Experimental program
Comparison scheme
Effect test

Embodiment 1

[0062] Example 1 Transformation test of pear plants

[0063] 1) Select the OHF333 (Pyrus Communis) group culture seedlings in the vary, and cut the top buds of about 2 cm and transferred to the NN69 solid medium.

[0064] 2) The experiment repeatedly validated its effectiveness twice as a GUS basis, and the experiment was repeated two times, and specifically selected INTGUs having a plant Catalyze intron, constructed into the plant dual expression vector PBI 121. The Agrobacterium Eha105 was selected for the infectious strain, and the PBI121 vector with the reporter was introduced into the Agrobacterium cells using a freezer method.

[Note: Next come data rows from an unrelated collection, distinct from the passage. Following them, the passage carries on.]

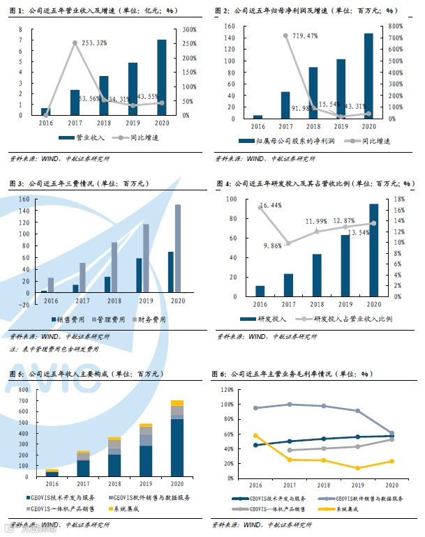 从产品上看,公司主要产品为GEOVIS技术开发与服务、GEOVIS一体机产品销售、系统集成、GEOVIS软件与数据服务。其中,GEOVIS技术开发与服务业务是公司近年来收入的主要构成,2020年,受益于产品订单持续增长,公司在该业务上的收入(5.32亿元,+86.73%)大幅增长,这也是公司2020年整体业绩快速增长的主要原因。同时,公司系统集成业务收入(0.47亿元,+72.81%)也出现大幅增长,我们认为主要系公司加大了市场拓展力度,同时地理信息产业市场需求有所增长所致。而在公司四大业务板块中,GEOVIS软件与数据服务业务的收入(0.41亿元,-61.78%)与毛利率(61.23%,-30.02pcts)同时出现大幅度下滑,我们认为,主要原因包括两方面,一方面是公司2020年数据服务种类增加,数据需求增加,导致数据采购种类增加以及数据采购综合成本上升所致,另一方面,收入下滑较大可能与相关项目的周期与收入确认时点存在波动有关。
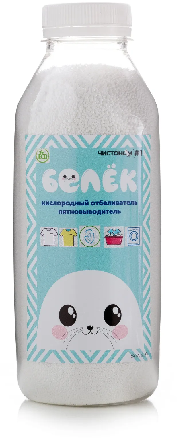 Белёк на 100% состоит из перкарбоната натрия с самым высоким содержанием активного кислорода. Подходит для цветных вещей и эффективно отбеливает белые, не нарушая структуру ткани. Безопасен и экологичен, подходит для стирки детских вещей. Справляется не только с грязью, но и с чаем, кофе, соками, соусами и травой. Также эффективно нейтрализует неприятные запахи.
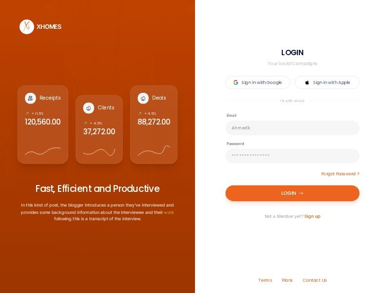A modern XHOMES login page template featuring social sign-in, email access, and a stat-driven hero panel for SaaS and campaign dashboards.
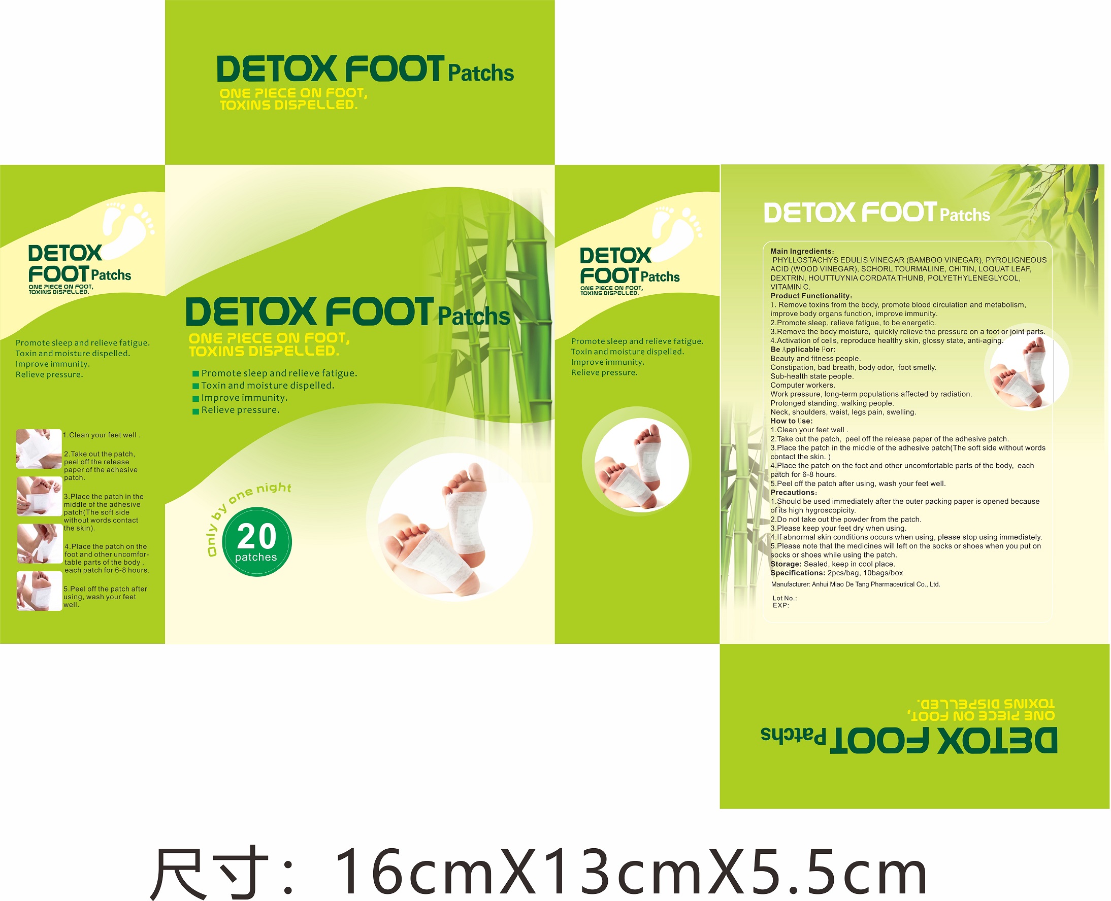 The following image provide visual information about the product associated with Detox Foot Patch NDC 81484-101 by Anhui Miao De Tang Pharmaceutical Co., Ltd., such as packaging, labeling, and the appearance of the drug itself. This resource could be helpful for medical professionals, pharmacists, and patients seeking to verify medication information and ensure they have the correct product.
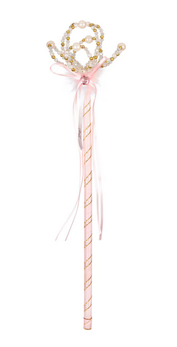 La varita Alexandra de Souza, es una preciosa varita de raso rosa con adornos dorados y perlas blancas- Será el complemento perfecto de cualquier disfraz de princesa.

[0065] Agrobacter with a target vector was inoculated into a liquid LB medium with 50 mg / l kanamycin and 25 mg / l. After 3 days, I was re-vaccined to 50 mg / l kanamycin and 25mg. / L rifetian liquid lb medium is oscillated for 12 hours. 25 ° C, 3000 revolutions were collected 15 minutes to collect cultured Agrobacterium bacteria. Formulated infec...

Embodiment 2

[0073] Example 2 Multi-temporary immersion parameter verification

[0074] This embodiment further verifies the effectiveness of other multiple temporary immersion parameters.

[0075] Based on the same step 1) -2 based on Example 1).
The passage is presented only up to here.